> [YOUR OBJECTIVE]:
Pictures in the material below are to be left out, and only the lines from the line with "- The Storage" up to and including the line with "游客在张掖丹霞国家地质公园感" are to be written out exactly.

> [EXERCISE MATERIAL]:

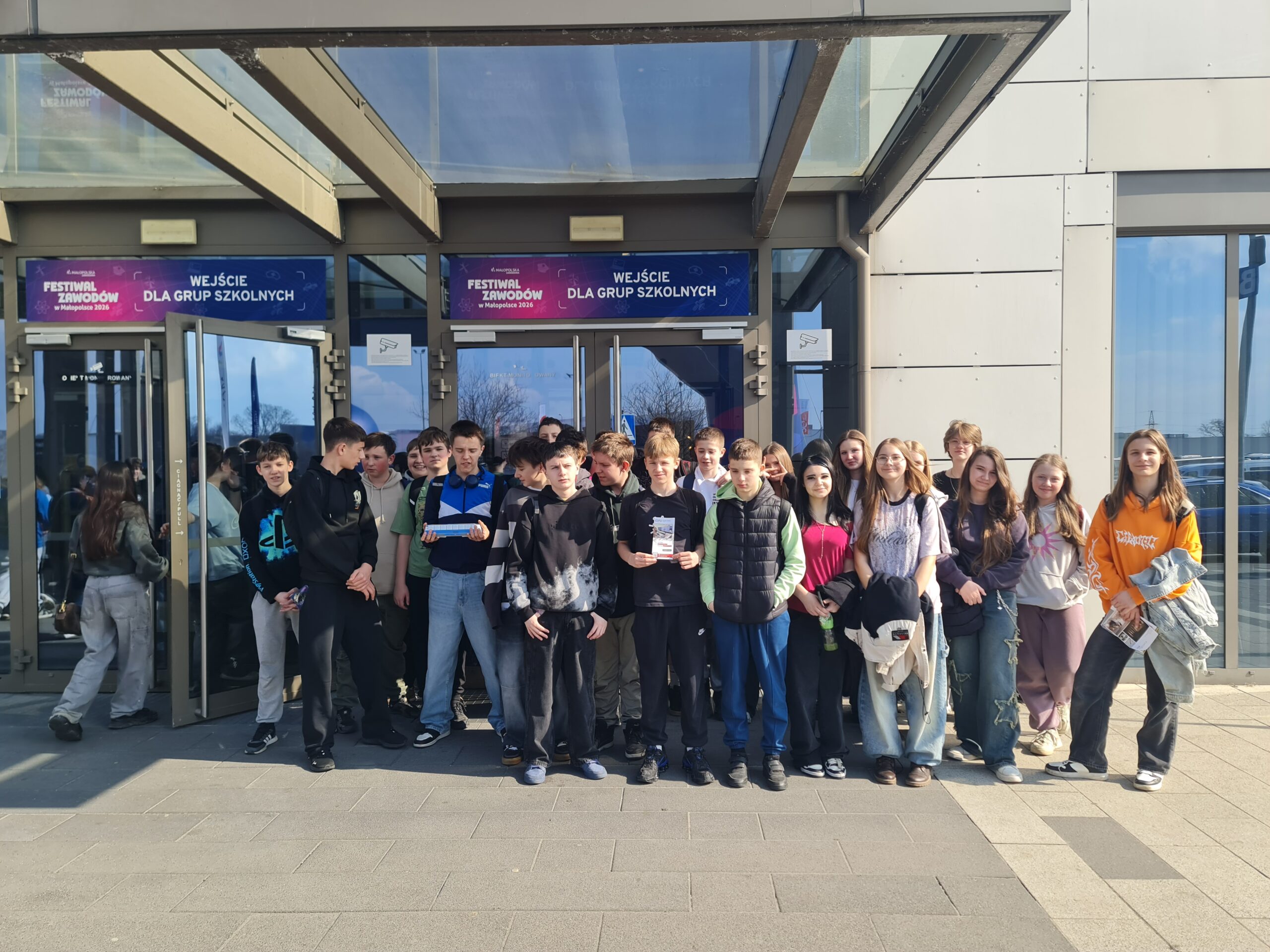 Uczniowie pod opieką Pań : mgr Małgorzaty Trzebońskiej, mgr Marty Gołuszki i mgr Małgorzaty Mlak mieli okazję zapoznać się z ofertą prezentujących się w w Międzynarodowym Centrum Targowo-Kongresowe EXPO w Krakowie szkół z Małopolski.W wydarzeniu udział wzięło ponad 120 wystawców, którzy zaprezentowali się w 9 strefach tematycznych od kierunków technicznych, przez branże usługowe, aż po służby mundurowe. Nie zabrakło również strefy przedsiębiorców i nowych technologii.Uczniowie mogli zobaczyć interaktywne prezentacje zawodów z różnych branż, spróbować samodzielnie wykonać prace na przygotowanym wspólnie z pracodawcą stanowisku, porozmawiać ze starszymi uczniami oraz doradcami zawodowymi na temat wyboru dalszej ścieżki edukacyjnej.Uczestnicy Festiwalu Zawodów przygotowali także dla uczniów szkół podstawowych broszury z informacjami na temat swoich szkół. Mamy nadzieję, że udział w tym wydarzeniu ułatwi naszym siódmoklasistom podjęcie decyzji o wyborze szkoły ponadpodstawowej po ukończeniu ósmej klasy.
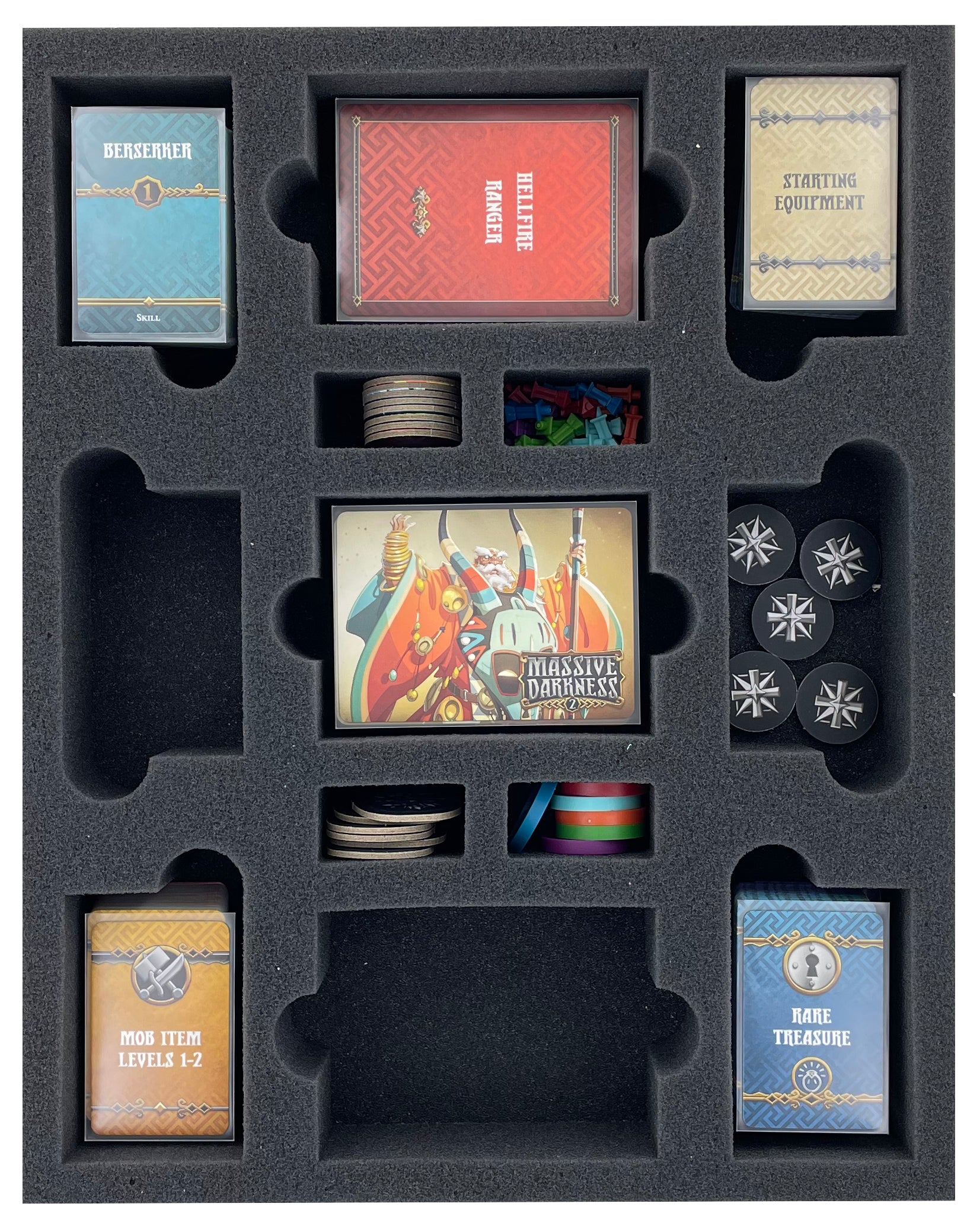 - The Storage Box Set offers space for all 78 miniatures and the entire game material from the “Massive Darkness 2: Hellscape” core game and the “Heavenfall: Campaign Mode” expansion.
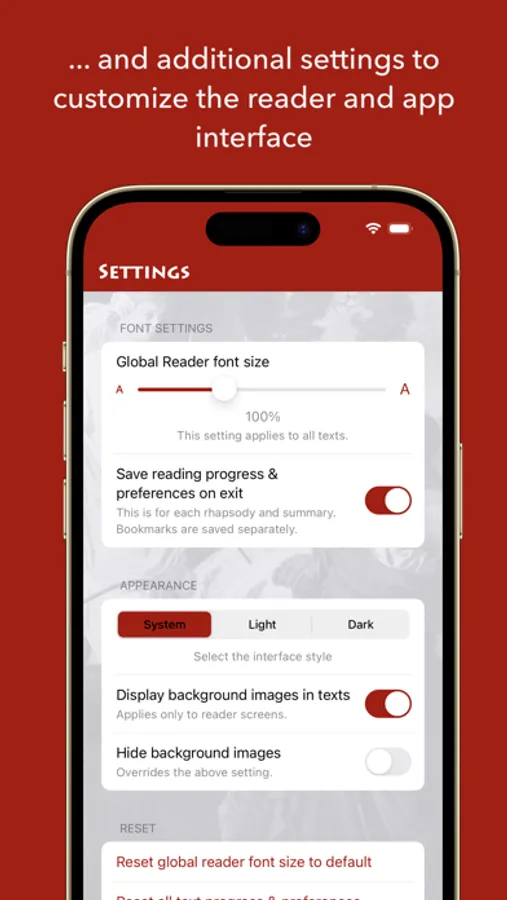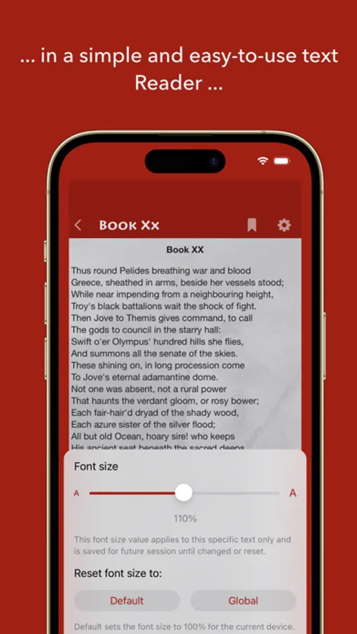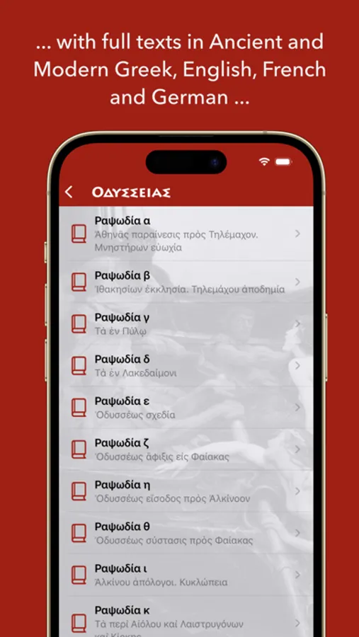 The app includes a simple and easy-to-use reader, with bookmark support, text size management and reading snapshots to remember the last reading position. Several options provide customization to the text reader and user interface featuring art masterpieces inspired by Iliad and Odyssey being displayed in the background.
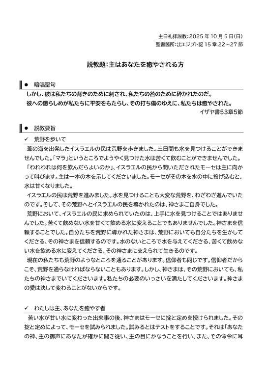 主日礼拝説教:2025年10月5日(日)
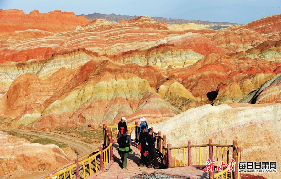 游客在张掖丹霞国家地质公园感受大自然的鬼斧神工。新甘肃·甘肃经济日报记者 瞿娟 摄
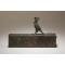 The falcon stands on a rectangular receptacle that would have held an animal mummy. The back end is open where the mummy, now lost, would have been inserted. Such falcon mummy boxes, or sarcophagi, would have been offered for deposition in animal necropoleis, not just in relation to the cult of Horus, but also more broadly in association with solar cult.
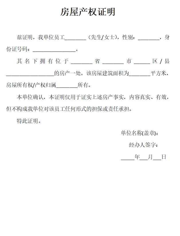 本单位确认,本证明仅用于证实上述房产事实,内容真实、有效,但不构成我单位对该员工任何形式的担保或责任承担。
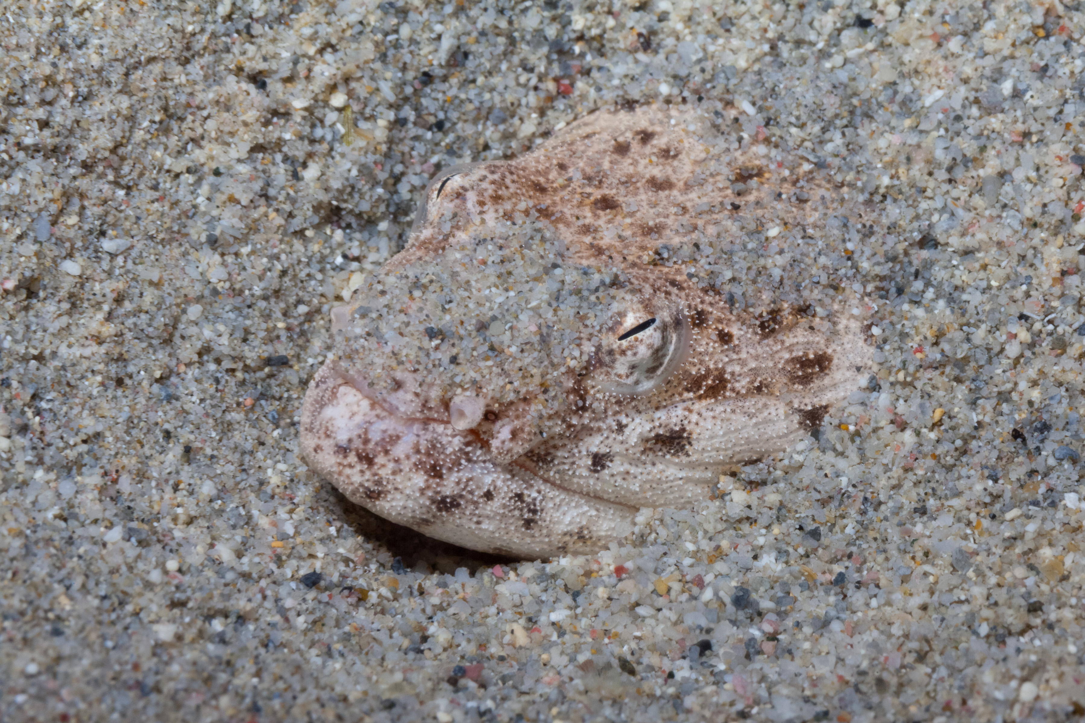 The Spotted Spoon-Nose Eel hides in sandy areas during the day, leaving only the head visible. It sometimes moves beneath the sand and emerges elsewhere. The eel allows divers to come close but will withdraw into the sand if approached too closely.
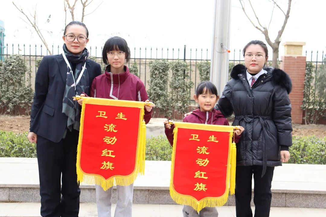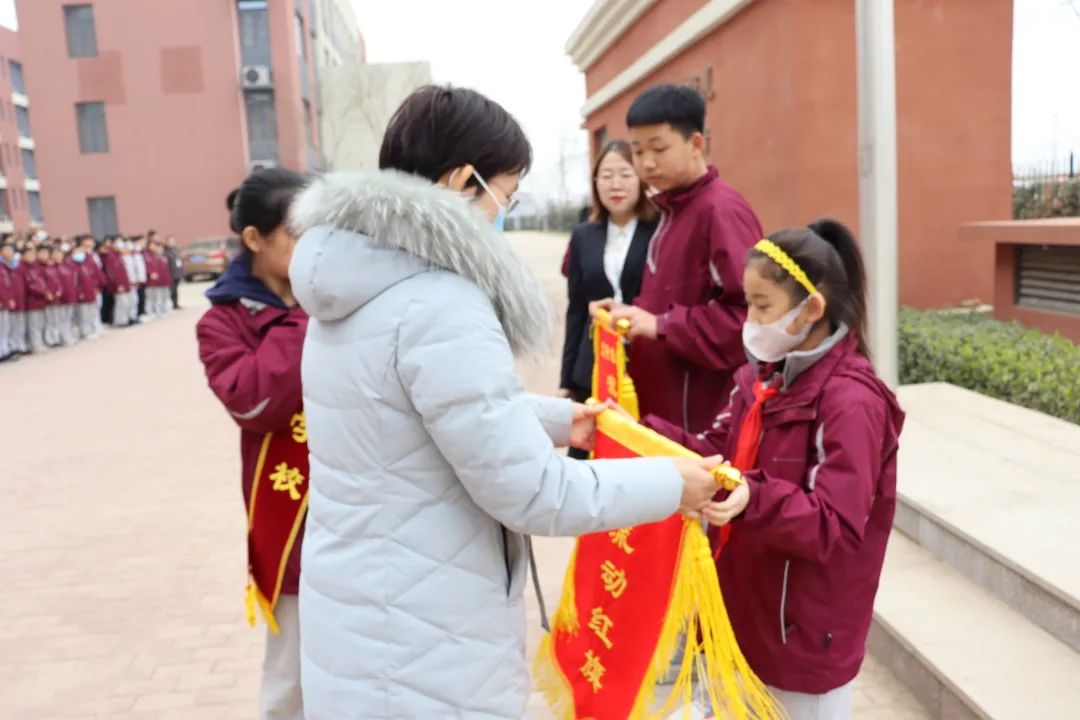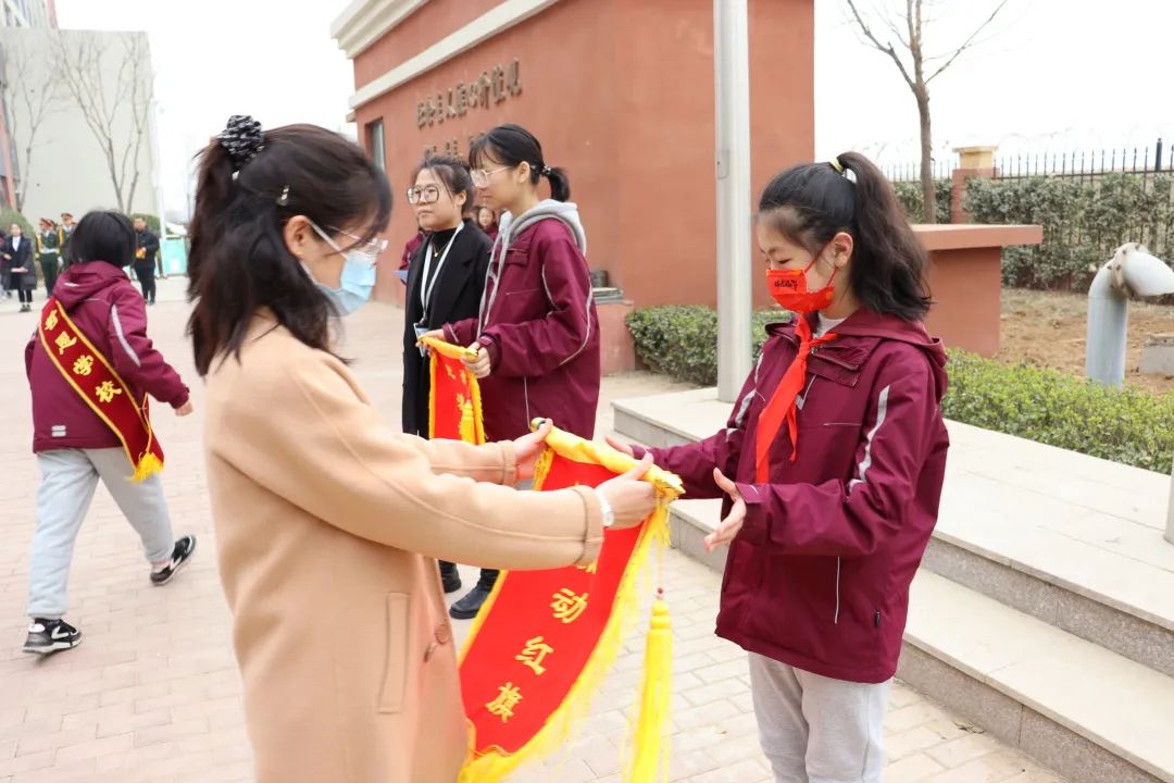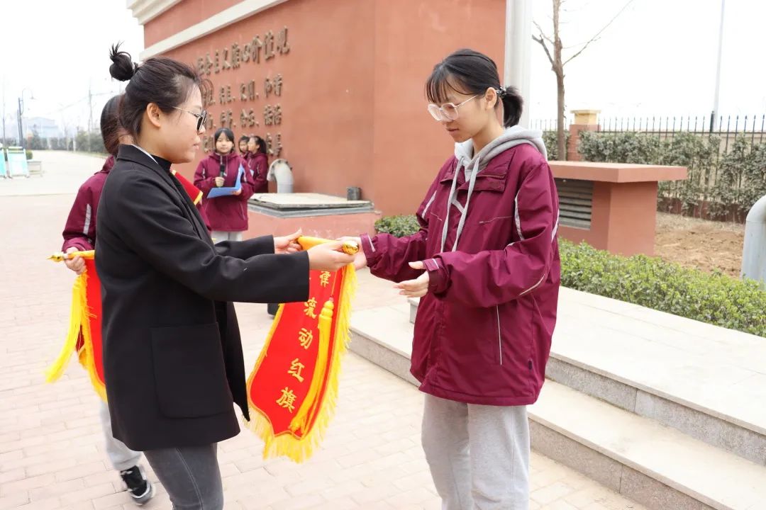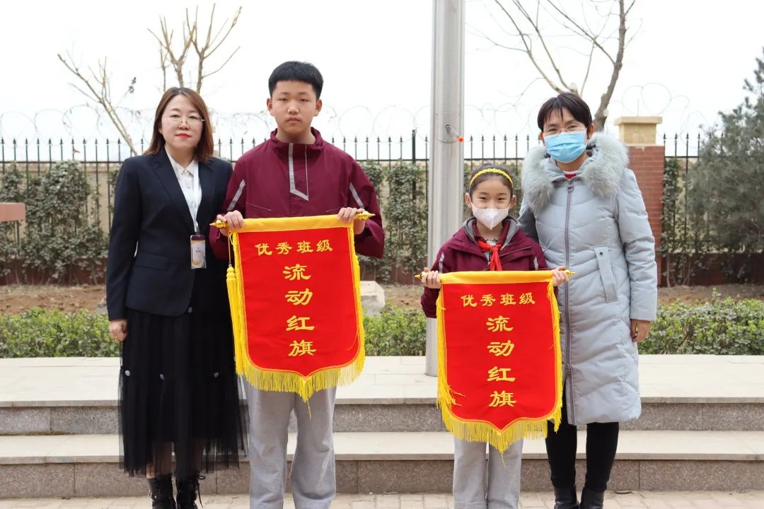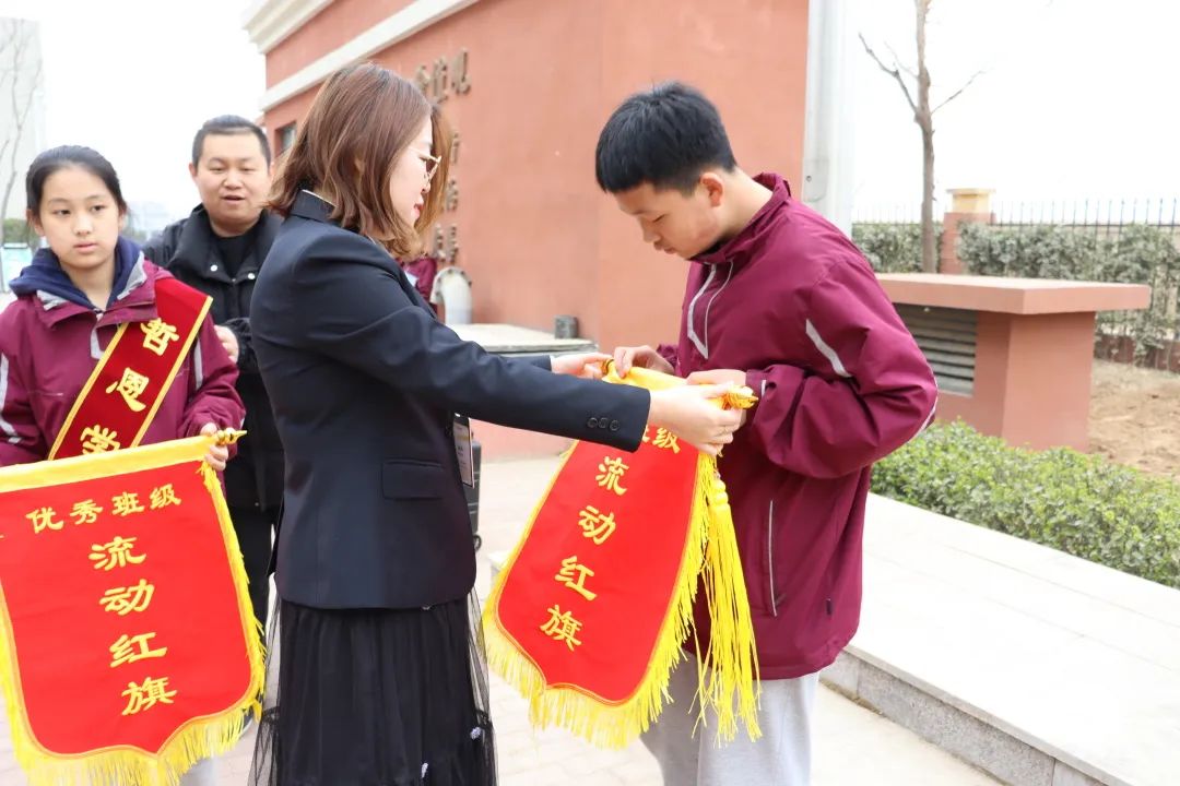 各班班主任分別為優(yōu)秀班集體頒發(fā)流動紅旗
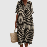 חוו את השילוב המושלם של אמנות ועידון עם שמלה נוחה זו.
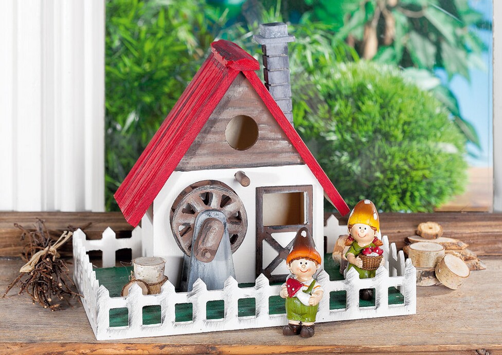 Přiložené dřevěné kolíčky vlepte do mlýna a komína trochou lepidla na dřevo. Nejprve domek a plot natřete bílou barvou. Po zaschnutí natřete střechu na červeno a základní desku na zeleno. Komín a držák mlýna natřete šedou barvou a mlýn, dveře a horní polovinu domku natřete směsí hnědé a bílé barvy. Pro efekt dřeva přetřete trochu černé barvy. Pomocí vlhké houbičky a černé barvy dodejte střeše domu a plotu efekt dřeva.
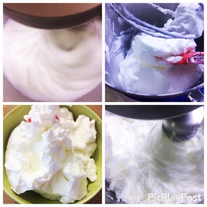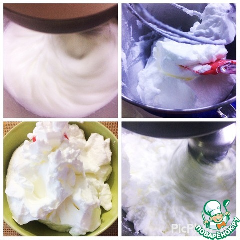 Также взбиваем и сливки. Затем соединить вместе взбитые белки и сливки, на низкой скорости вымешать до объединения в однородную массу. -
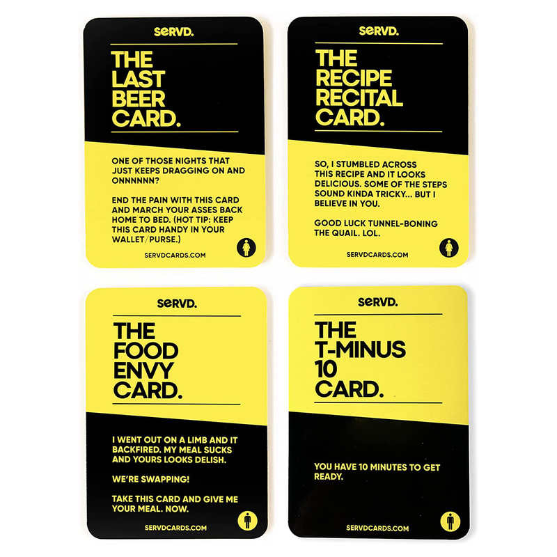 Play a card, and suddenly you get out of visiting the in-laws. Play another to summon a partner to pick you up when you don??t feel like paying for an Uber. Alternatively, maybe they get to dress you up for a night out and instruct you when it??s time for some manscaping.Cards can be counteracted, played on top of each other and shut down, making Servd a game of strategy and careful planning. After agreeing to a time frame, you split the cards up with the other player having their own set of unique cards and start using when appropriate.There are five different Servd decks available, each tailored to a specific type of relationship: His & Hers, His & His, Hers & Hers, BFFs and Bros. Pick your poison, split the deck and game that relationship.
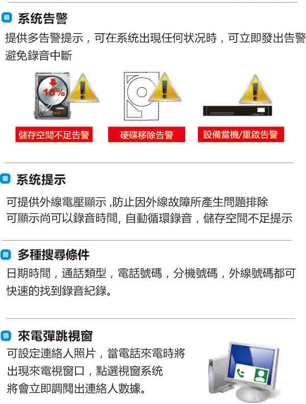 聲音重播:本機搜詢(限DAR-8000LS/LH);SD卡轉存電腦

> [SOLUTION TO THE EXERCISE]:
 - The Storage Box Set offers space for all 78 miniatures and the entire game material from the “Massive Darkness 2: Hellscape” core game and the “Heavenfall: Campaign Mode” expansion.
 The app includes a simple and easy-to-use reader, with bookmark support, text size management and reading snapshots to remember the last reading position. Several options provide customization to the text reader and user interface featuring art masterpieces inspired by Iliad and Odyssey being displayed in the background.
 主日礼拝説教:2025年10月5日(日)
 游客在张掖丹霞国家地质公园感受大自然的鬼斧神工。新甘肃·甘肃经济日报记者 瞿娟 摄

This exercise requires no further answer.